If it ain’t broke, don’t fix it, right? That certainly seems to be the Deathhammer philosophy for album-to-album progression, and Electric Warfare is no exception. The album finds the band maintaining their longtime sound, one that combines relentless, slightly blackened speed metal with early German and American thrash, but things lean a bit farther towards the Destruction end of the spectrum than the Slayer end this time around. Embedded single “Rapid Violence” lives up to its name, never once taking its foot from the accelerator—even the “slower” grooves near the end of the track are obscenely fast.

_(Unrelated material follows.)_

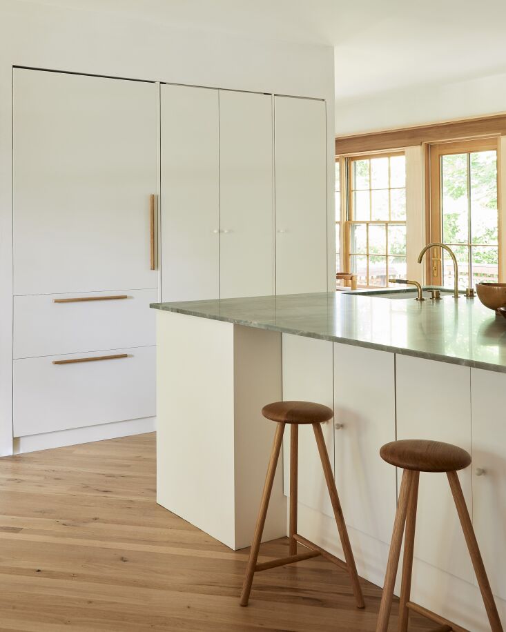 The old, warped flooring was replaced with white oak from Provenance, laid on the diagonal to guide the eye and lend some tonal pattern to the tranquility. Adding the new floor provided an opportunity to replace the cast-iron radiators with radiant heat. “The heated floor feels so good underfoot on winter mornings,” adds Maleeha. The family packed up everything and lived in an apartment during the construction.

And that unrelenting need for speed is indulged without shame on much of Electric Warfare. After a very sinister Hell Awaits-style intro, opener “Savage Aggressor” launches into a NWoBHM-on-meth speed/thrash assault and ushers in the album’s first true highlight, the six-minute “Crushing the Pearly Gates.” The latter track features an irresistible chorus and enough rhythmic diversity to support its longer runtime. “Enter the Morbid” keeps the velocity high, bringing in a touch of early Celtic Frost and serving as an introduction for the album’s centerpiece, the two-part “Return to Sodom/Soldiers of Darkness.” “Return to Sodom” sounds like a fast-paced Iron Maiden instrumental and prepares us for the blistering invasion of the “Soldiers of Darkness.” As the album heads into its final stretch, “Thirst for Ritual” provides one final short, powerful salvo before the record takes an interesting turn.

Electric Warfare is just about the perfect length and features songs of nearly uniform quality, but the pacing and track placement feel a bit odd. As I mentioned above, the majority of the album blazes by with unrelenting speed, but then the final two tracks arrive in the form of two seven-minute crushers. Those final two tracks employ far more groove-oriented riffing, making them more immediately accessible than the six songs that preceded them. This may seem like a strange complaint since both numbers are pretty good in their own right, but putting them together at the end of the album makes it seem as if you’re listening to a different band by the time they come around. This feeling could probably have been mitigated by placing one of these long epics closer to the album’s middle, but what do I know? I’m just a lowly, unpaid music critic. Minor nitpicks aside, there are plenty of highlights on Electric Warfare, namely “Crushing the Pearly Gates,” “Enter the Morbid,” “Return to Sodom/Soldiers of Darkness,” “Thirst for Ritual,” and “Thrown to the Abyss.”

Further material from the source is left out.